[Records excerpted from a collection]
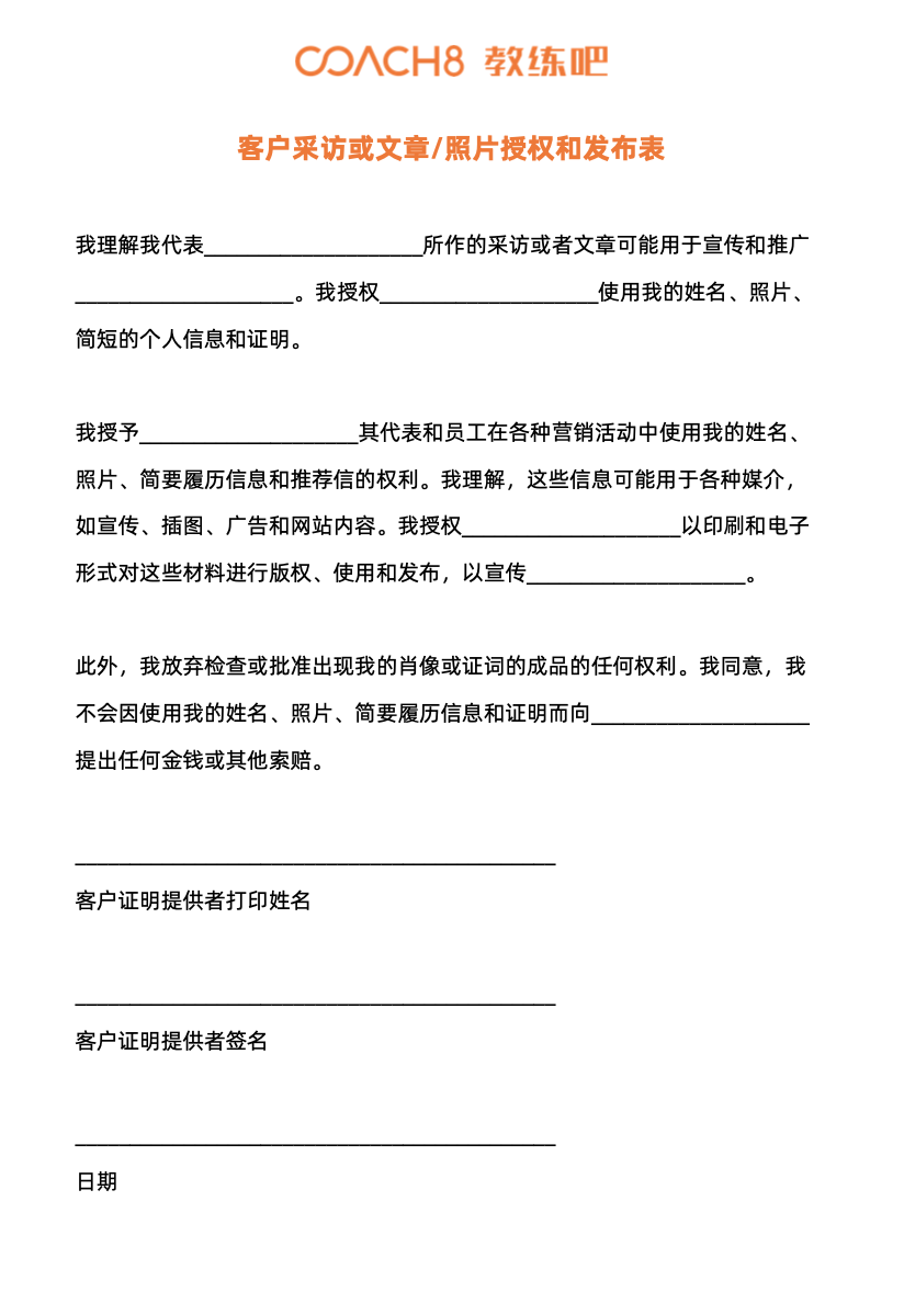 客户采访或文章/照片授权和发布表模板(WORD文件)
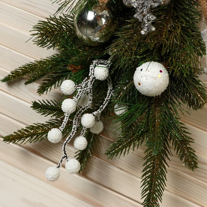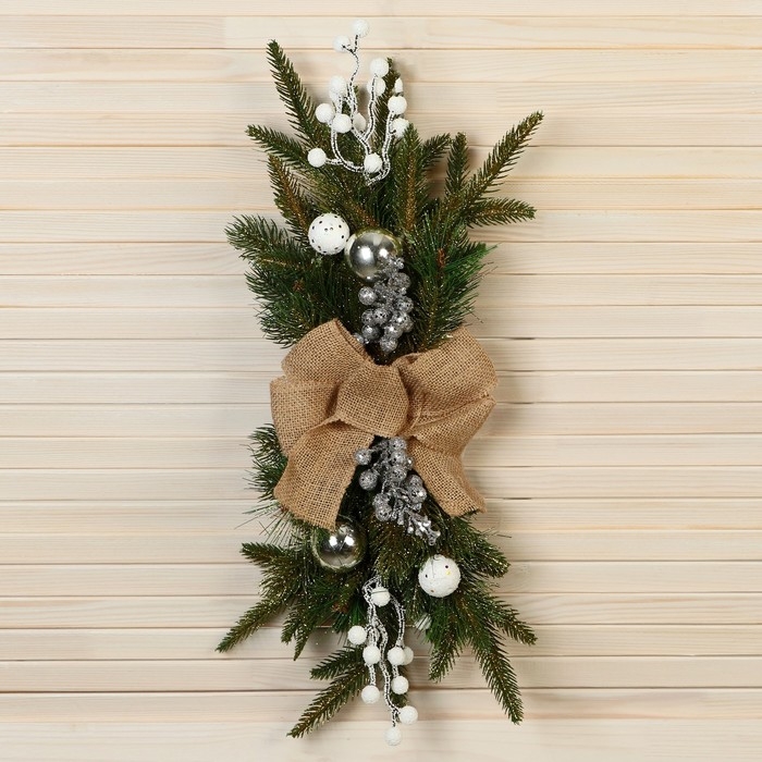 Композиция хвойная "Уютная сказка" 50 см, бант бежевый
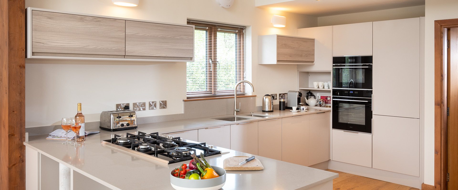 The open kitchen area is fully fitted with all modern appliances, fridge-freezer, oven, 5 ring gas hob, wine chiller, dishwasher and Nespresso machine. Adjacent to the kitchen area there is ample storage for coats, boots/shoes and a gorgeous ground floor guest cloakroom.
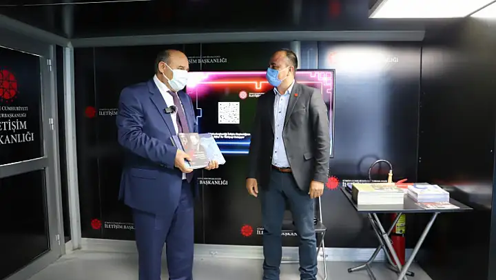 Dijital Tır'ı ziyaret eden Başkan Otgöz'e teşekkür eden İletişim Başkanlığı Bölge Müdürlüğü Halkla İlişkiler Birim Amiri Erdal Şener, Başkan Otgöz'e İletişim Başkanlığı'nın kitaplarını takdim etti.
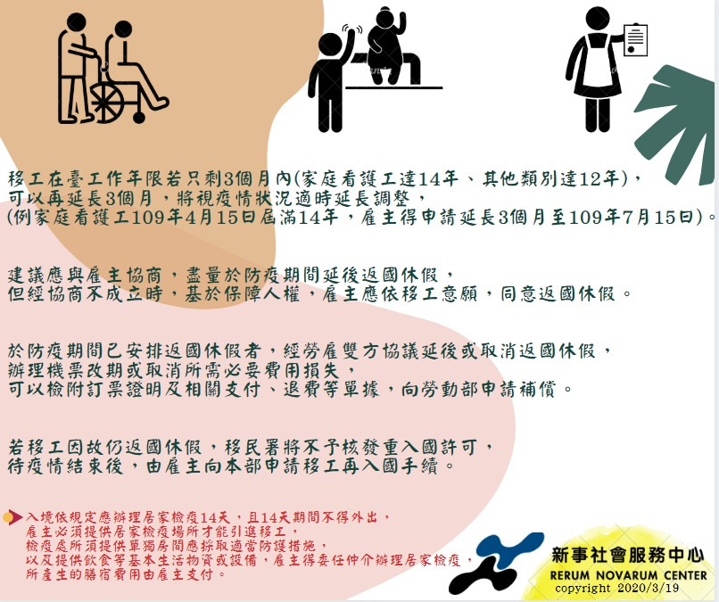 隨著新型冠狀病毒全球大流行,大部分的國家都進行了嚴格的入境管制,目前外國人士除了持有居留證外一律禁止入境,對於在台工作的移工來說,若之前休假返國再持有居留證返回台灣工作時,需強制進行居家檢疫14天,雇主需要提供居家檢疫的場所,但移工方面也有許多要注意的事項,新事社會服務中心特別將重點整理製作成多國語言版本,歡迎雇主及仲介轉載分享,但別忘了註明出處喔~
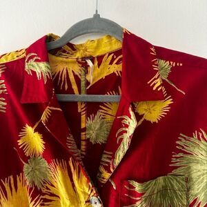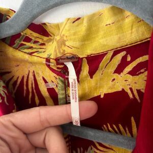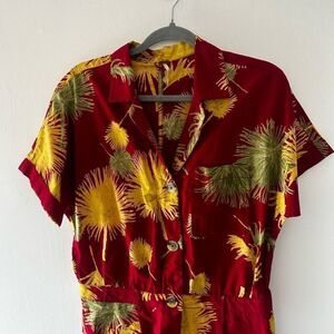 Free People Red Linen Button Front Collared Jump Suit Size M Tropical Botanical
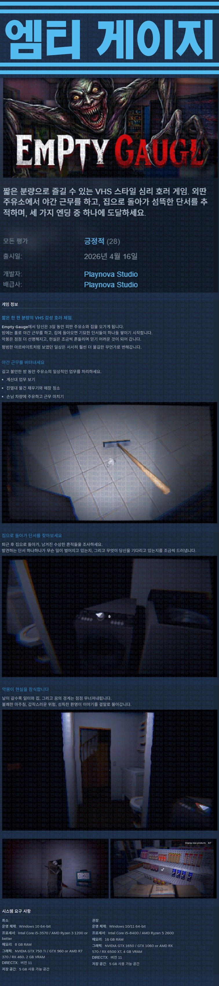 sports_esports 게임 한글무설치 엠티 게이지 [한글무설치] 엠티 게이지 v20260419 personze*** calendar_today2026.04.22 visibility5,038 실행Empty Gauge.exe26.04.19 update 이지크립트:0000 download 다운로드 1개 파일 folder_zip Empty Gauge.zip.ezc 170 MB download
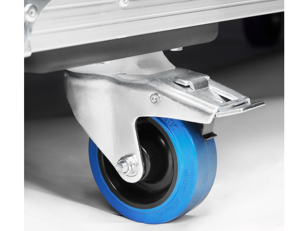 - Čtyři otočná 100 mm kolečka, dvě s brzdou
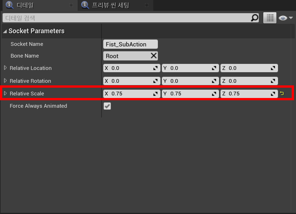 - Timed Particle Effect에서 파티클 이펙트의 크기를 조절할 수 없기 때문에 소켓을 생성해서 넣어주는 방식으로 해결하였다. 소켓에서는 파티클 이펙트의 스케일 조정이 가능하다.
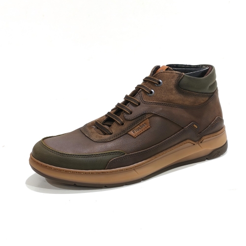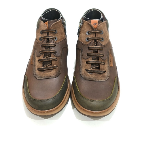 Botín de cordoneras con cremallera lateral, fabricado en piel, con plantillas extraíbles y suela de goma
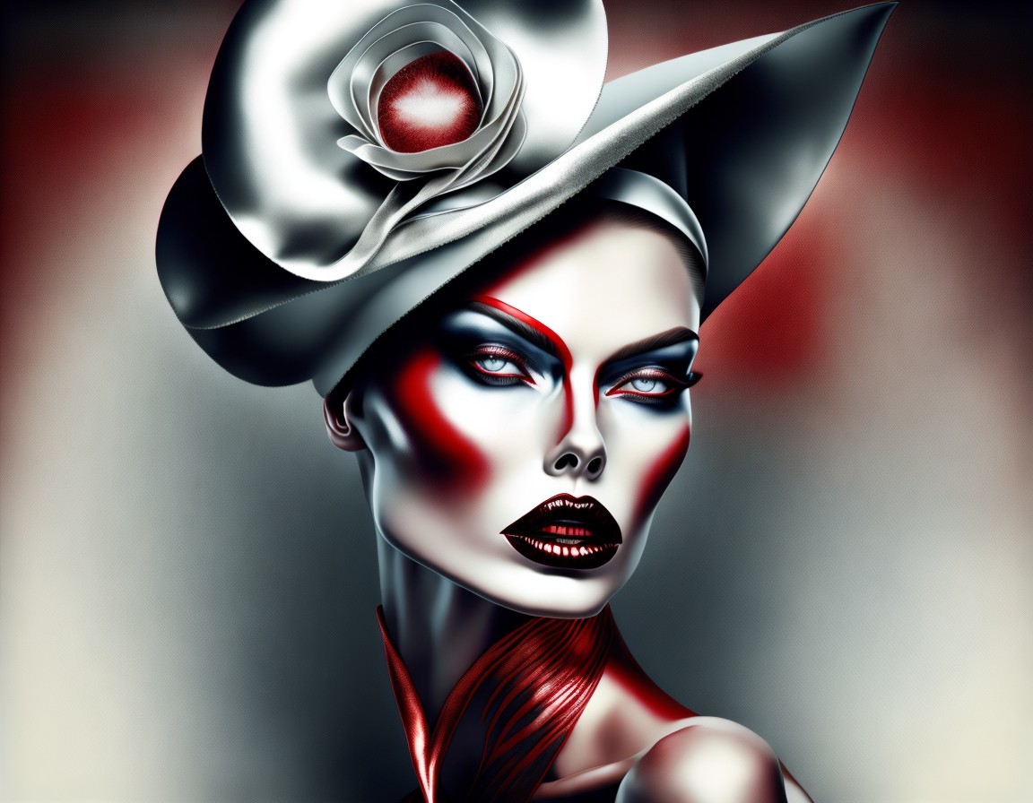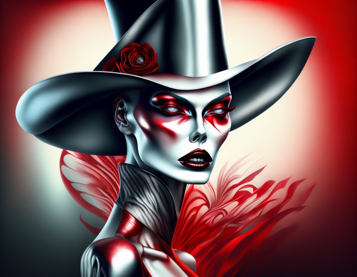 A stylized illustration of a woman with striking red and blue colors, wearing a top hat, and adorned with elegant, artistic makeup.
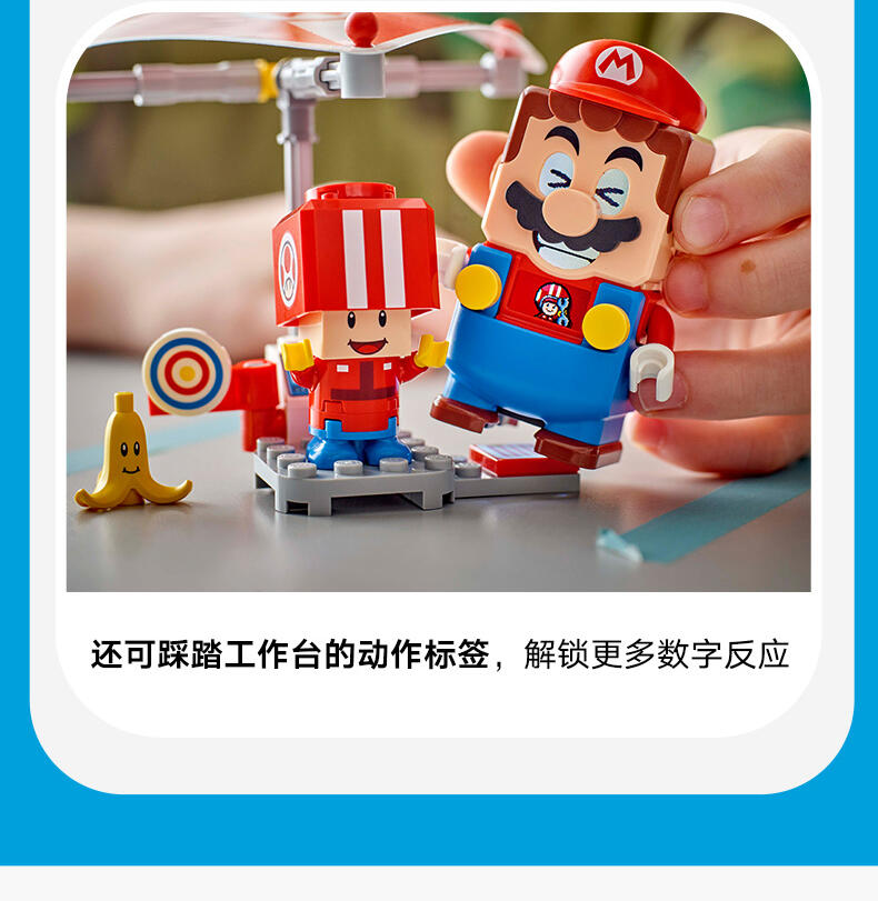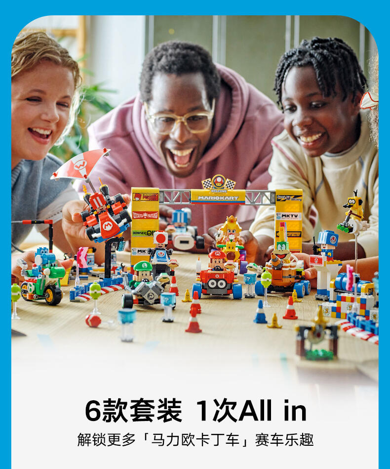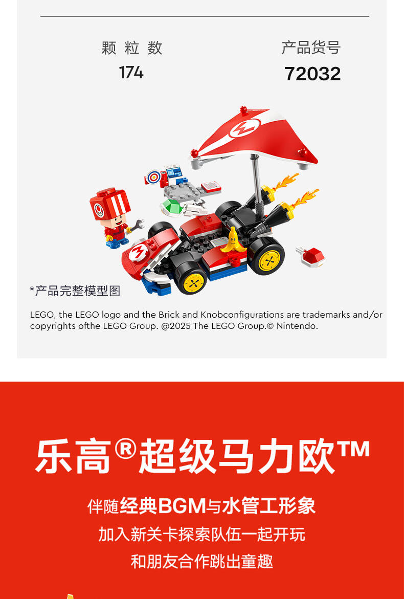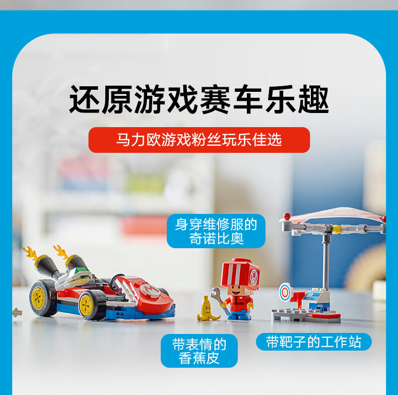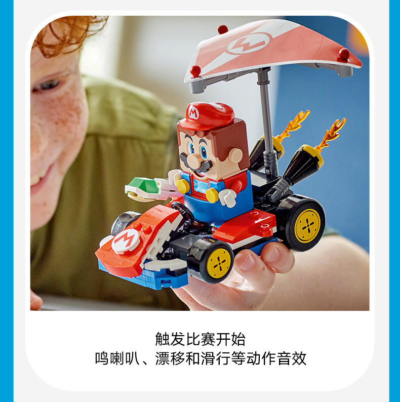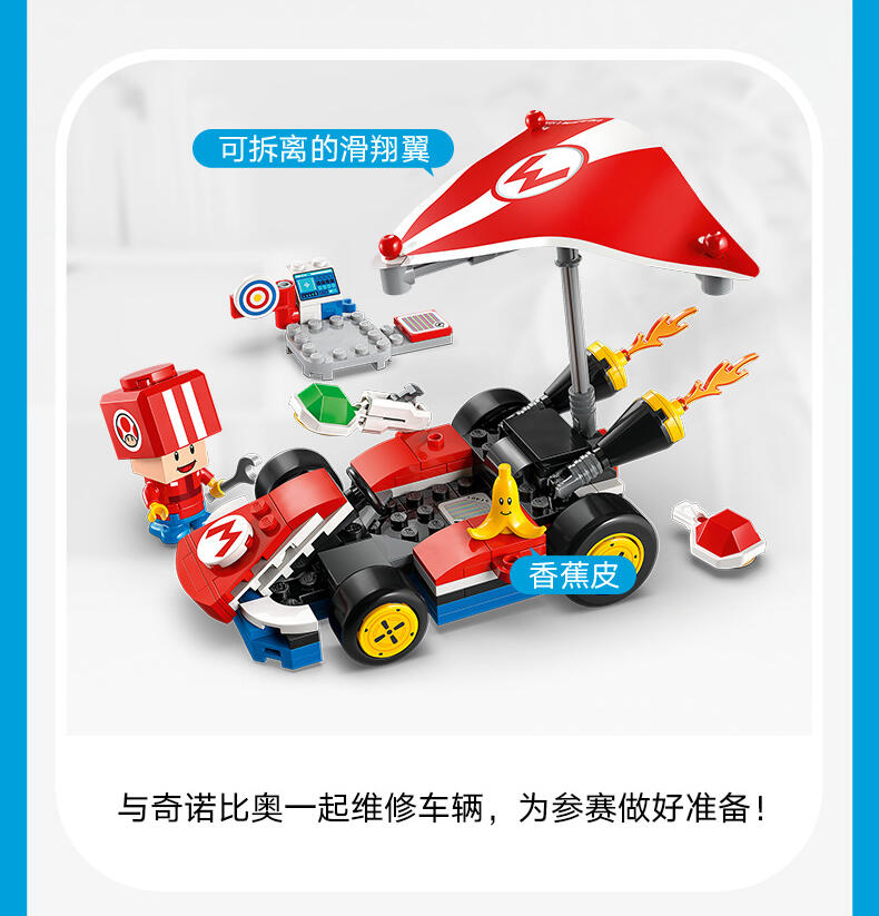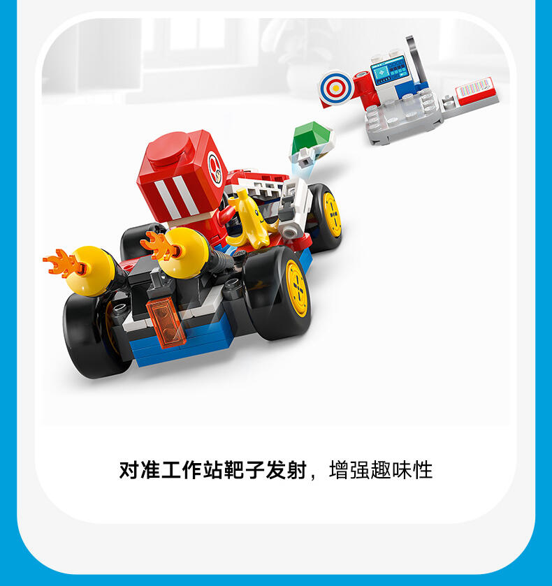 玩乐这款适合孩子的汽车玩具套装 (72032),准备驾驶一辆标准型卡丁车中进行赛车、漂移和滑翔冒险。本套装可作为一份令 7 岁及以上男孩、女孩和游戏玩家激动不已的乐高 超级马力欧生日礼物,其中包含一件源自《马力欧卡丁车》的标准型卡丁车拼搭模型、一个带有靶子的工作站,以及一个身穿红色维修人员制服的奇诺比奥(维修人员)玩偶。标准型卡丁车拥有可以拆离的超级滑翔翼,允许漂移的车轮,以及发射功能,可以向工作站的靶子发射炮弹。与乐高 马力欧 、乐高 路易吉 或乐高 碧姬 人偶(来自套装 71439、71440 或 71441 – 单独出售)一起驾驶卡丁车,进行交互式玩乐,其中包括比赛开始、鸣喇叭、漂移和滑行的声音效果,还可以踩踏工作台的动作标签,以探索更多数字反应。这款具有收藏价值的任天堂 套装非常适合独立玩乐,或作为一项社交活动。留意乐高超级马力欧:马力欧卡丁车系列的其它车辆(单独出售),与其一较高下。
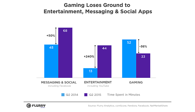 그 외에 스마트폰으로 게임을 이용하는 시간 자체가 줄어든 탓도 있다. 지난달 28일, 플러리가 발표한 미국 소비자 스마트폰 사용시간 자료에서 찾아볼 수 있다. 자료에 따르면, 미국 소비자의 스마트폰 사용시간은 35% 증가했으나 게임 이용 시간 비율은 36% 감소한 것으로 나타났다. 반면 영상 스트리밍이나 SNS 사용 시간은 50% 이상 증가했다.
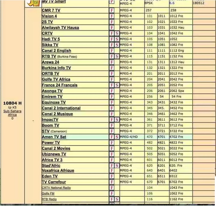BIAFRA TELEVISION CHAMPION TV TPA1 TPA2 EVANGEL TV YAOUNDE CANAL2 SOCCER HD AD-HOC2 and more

TASK DESCRIPTION: Copy each of the entries above precisely, and drop whatever pictures they hold.

TASK SOLUTION:
 客户采访或文章/照片授权和发布表模板(WORD文件)
 Композиция хвойная "Уютная сказка" 50 см, бант бежевый
 The open kitchen area is fully fitted with all modern appliances, fridge-freezer, oven, 5 ring gas hob, wine chiller, dishwasher and Nespresso machine. Adjacent to the kitchen area there is ample storage for coats, boots/shoes and a gorgeous ground floor guest cloakroom.
 Dijital Tır'ı ziyaret eden Başkan Otgöz'e teşekkür eden İletişim Başkanlığı Bölge Müdürlüğü Halkla İlişkiler Birim Amiri Erdal Şener, Başkan Otgöz'e İletişim Başkanlığı'nın kitaplarını takdim etti.
 隨著新型冠狀病毒全球大流行,大部分的國家都進行了嚴格的入境管制,目前外國人士除了持有居留證外一律禁止入境,對於在台工作的移工來說,若之前休假返國再持有居留證返回台灣工作時,需強制進行居家檢疫14天,雇主需要提供居家檢疫的場所,但移工方面也有許多要注意的事項,新事社會服務中心特別將重點整理製作成多國語言版本,歡迎雇主及仲介轉載分享,但別忘了註明出處喔~
 Free People Red Linen Button Front Collared Jump Suit Size M Tropical Botanical
 sports_esports 게임 한글무설치 엠티 게이지 [한글무설치] 엠티 게이지 v20260419 personze*** calendar_today2026.04.22 visibility5,038 실행Empty Gauge.exe26.04.19 update 이지크립트:0000 download 다운로드 1개 파일 folder_zip Empty Gauge.zip.ezc 170 MB download
 - Čtyři otočná 100 mm kolečka, dvě s brzdou
 - Timed Particle Effect에서 파티클 이펙트의 크기를 조절할 수 없기 때문에 소켓을 생성해서 넣어주는 방식으로 해결하였다. 소켓에서는 파티클 이펙트의 스케일 조정이 가능하다.
 Botín de cordoneras con cremallera lateral, fabricado en piel, con plantillas extraíbles y suela de goma
 A stylized illustration of a woman with striking red and blue colors, wearing a top hat, and adorned with elegant, artistic makeup.
 玩乐这款适合孩子的汽车玩具套装 (72032),准备驾驶一辆标准型卡丁车中进行赛车、漂移和滑翔冒险。本套装可作为一份令 7 岁及以上男孩、女孩和游戏玩家激动不已的乐高 超级马力欧生日礼物,其中包含一件源自《马力欧卡丁车》的标准型卡丁车拼搭模型、一个带有靶子的工作站,以及一个身穿红色维修人员制服的奇诺比奥(维修人员)玩偶。标准型卡丁车拥有可以拆离的超级滑翔翼,允许漂移的车轮,以及发射功能,可以向工作站的靶子发射炮弹。与乐高 马力欧 、乐高 路易吉 或乐高 碧姬 人偶(来自套装 71439、71440 或 71441 – 单独出售)一起驾驶卡丁车,进行交互式玩乐,其中包括比赛开始、鸣喇叭、漂移和滑行的声音效果,还可以踩踏工作台的动作标签,以探索更多数字反应。这款具有收藏价值的任天堂 套装非常适合独立玩乐,或作为一项社交活动。留意乐高超级马力欧:马力欧卡丁车系列的其它车辆(单独出售),与其一较高下。
 그 외에 스마트폰으로 게임을 이용하는 시간 자체가 줄어든 탓도 있다. 지난달 28일, 플러리가 발표한 미국 소비자 스마트폰 사용시간 자료에서 찾아볼 수 있다. 자료에 따르면, 미국 소비자의 스마트폰 사용시간은 35% 증가했으나 게임 이용 시간 비율은 36% 감소한 것으로 나타났다. 반면 영상 스트리밍이나 SNS 사용 시간은 50% 이상 증가했다.
BIAFRA TELEVISION CHAMPION TV TPA1 TPA2 EVANGEL TV YAOUNDE CANAL2 SOCCER HD AD-HOC2 and more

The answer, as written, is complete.